Esel
1. Friedhelm glotzt, was sonst …
Nein! Nein! Nein! … Ich bin doch nicht bescheuert. Ich werde nicht mit einem Esel vierzehn Tage durch die Uckermark wandern. Schon gar nicht mit einem Esel, der Friedhelm heißt und mich mit Flatulenzen begrüßt, die Bäume töten könnten.
Natürlich furzt er jetzt. Als müsste er auch noch bestätigen, was ich gerade gesagt habe.
Er furzt, und ich rümpfe die Nase. Was hat dieses Tier bloß gegessen. Eben noch roch es nach frischem Moos und Laub, jetzt riecht es nach Hölle und Verdammnis.

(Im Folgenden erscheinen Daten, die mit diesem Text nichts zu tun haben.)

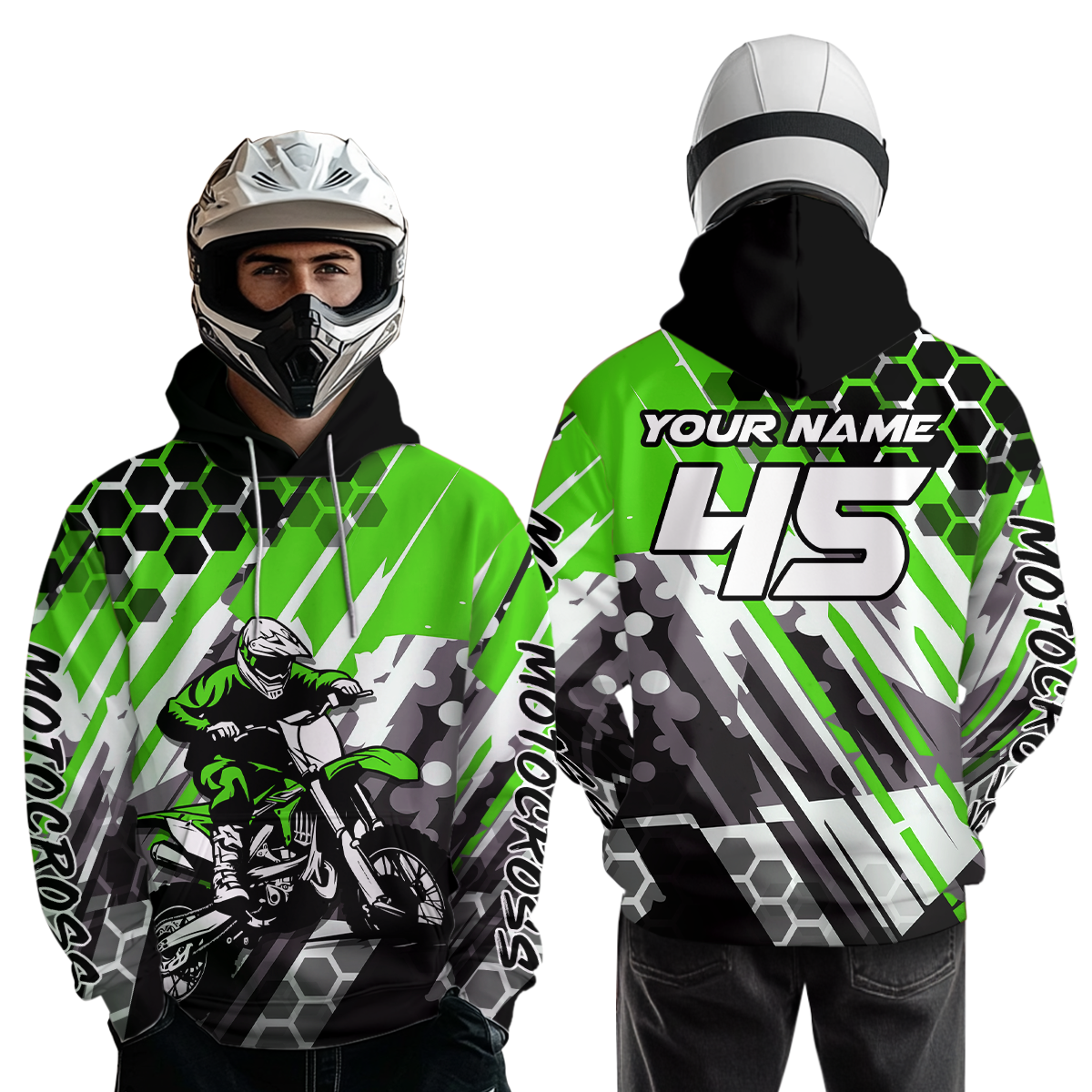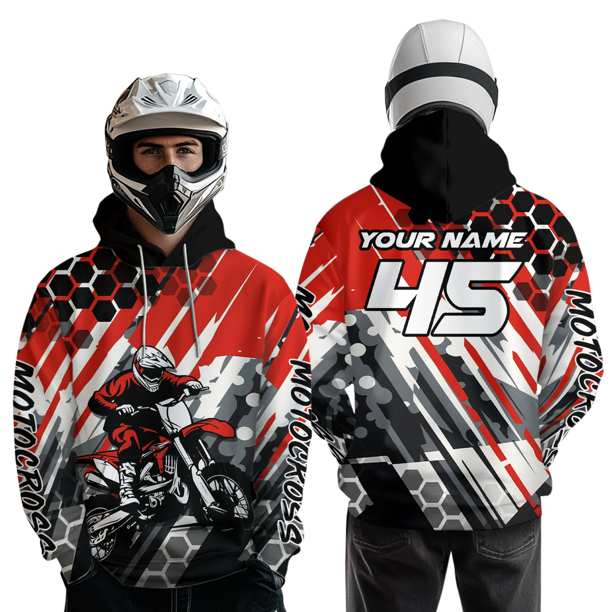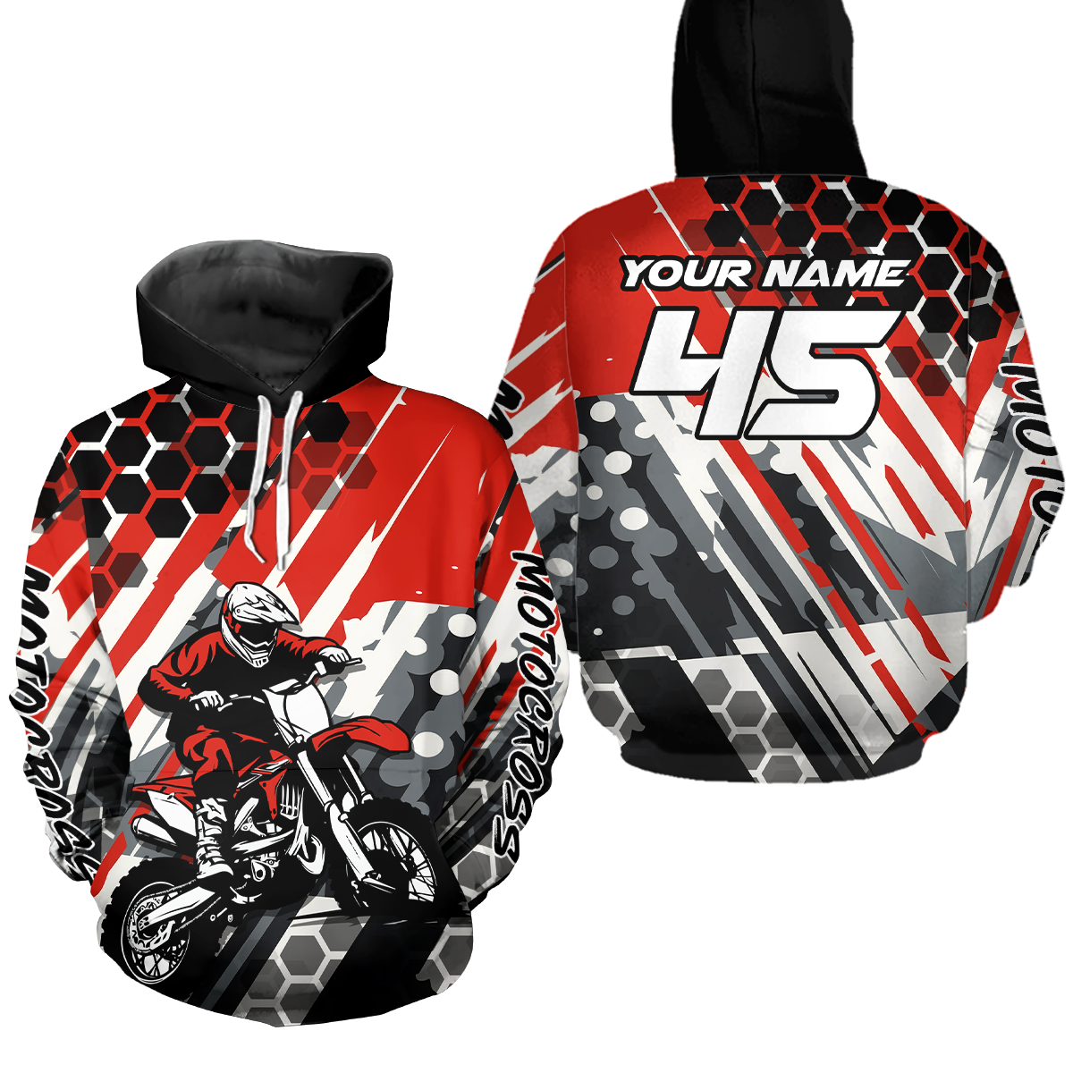 - PERSONALIZED MOTOCROSS RACING HOODIE: This super cool shirt is exactly what all bikers are looking for. Add your name/number to make it a unique one that bears your own imprints.

»Kannst du das vielleicht woanders machen?«
Nein, das kann er nicht. Woanders würde es ja keiner mitbekommen. Der feine Esel braucht ein Publikum. Der feine Esel hat einen Ruf zu verteidigen. Ich aber auch. Ich habe auch einen Ruf. Und das ist nicht gerade der Ruf eines Naturliebhabers, Eselfreundes oder Uckermark-Fans.
Er furzt wie zum Trotz.
»Kannst du das bitte sein lassen, ja?«
Nein, kann er nicht, er legt nach. Natürlich. Wo andere einen Magen haben, hat ein Esel ein Treibhaus.

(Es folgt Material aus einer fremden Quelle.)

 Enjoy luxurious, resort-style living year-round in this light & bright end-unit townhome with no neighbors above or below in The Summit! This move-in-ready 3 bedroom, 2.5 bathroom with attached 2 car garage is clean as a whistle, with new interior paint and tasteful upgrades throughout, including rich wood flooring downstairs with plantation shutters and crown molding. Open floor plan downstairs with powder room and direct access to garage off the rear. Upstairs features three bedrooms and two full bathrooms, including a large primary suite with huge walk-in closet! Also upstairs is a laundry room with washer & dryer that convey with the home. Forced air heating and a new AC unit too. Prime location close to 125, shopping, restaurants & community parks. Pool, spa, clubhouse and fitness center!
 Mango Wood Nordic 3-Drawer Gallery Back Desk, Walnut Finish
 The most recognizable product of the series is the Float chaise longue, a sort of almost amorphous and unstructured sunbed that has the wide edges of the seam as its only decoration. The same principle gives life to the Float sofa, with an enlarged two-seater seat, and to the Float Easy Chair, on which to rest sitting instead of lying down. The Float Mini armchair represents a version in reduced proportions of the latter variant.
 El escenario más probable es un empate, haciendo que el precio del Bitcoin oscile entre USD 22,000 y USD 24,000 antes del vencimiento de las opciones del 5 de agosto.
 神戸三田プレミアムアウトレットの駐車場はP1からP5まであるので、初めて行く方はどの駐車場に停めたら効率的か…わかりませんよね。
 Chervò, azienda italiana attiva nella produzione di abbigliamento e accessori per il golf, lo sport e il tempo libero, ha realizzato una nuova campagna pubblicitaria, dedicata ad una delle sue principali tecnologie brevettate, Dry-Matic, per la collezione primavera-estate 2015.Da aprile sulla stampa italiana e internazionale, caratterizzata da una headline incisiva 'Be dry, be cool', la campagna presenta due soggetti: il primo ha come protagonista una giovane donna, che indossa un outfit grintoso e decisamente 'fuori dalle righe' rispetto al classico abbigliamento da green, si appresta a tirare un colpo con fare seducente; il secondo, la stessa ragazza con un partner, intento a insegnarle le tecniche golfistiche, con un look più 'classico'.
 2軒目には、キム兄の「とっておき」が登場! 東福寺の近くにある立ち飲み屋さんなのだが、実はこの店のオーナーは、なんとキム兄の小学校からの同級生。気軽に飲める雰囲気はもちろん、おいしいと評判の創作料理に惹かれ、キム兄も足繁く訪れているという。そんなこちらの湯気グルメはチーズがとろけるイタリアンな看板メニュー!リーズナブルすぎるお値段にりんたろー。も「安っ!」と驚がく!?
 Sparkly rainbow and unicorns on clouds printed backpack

»Jetzt hör mal zu, mein Freund: Ich bin Lehrer. Englisch und Geschichte. Sekundarstufe II . Ich habe Ferien, und ich habe mir jeden verdammten Tag verdient, kapierst du das? Nein, das kapierst du natürlich nicht, weil du jeden Tag Ferien hast. Weil du gar nicht weißt, was es heißt, sich jeden Tag da draußen den Arsch aufzureißen, für einen Haufen dummdreister Ignoranten. Arsch nehme ich zurück, die Ignoranten bleiben.«
Der Esel glotzt. Das ist normal, wie ich vermute. Ich kenn’ mich nicht aus mit Eseln. Alles, was ich über Esel weiß, stammt aus der Weihnachtsgeschichte, dem Einzug des berühmtesten Esels in Jerusalem und einem Besuch im Zoo. Ich befinde mich da in allerbester Gesellschaft. Die meisten Menschen wissen nicht viel über Esel. Sie kennen nur das Klischee, nicht das Tier.
»Ja, was glotzt du denn, meinst du, ich mache das hier freiwillig? Uckermark im Hochsommer? Mit einem Esel? Meinst du das? Für wie bescheuert hältst du mich?«
Ein Furz kann auch eine Antwort sein.
»Ist das alles, was dir dazu einfällt? Das ist erbärmlich!«
Eigentlich ist es doch gut, dass ihm nichts anderes einfällt, als zu furzen. Das macht mich zum überlegenen Teil dieser unfreiwilligen Paarung. Mir fällt immer was ein. Dem Esel nicht. Deshalb haben wir die Evolution auch nicht als Lastentier abgeschlossen.
»Ich sage dir was, Friedhelm: Meine Frau hatte die Idee für das hier.«
Das wird ihm egal sein.
»Aber es ist nicht so, wie du denkst. Ich liebe meine Frau. Liebe! Kennst du das? Liebe? Nein, kennst du nicht. Woher auch? Mensch, glotz mich nicht so an!! O Gott, was erzähl’ ich hier eigentlich?«
Er antwortet nicht. Gut, wenn er es täte, wäre ich endgültig verrückt. Oder bestimmt kurz davor. Ich bin nicht Doktor Doolittle. Ich bin froh, dass ich mit Menschen reden kann, das ist schon schwer genug. Den Dialog mit Tieren brauche ich nicht.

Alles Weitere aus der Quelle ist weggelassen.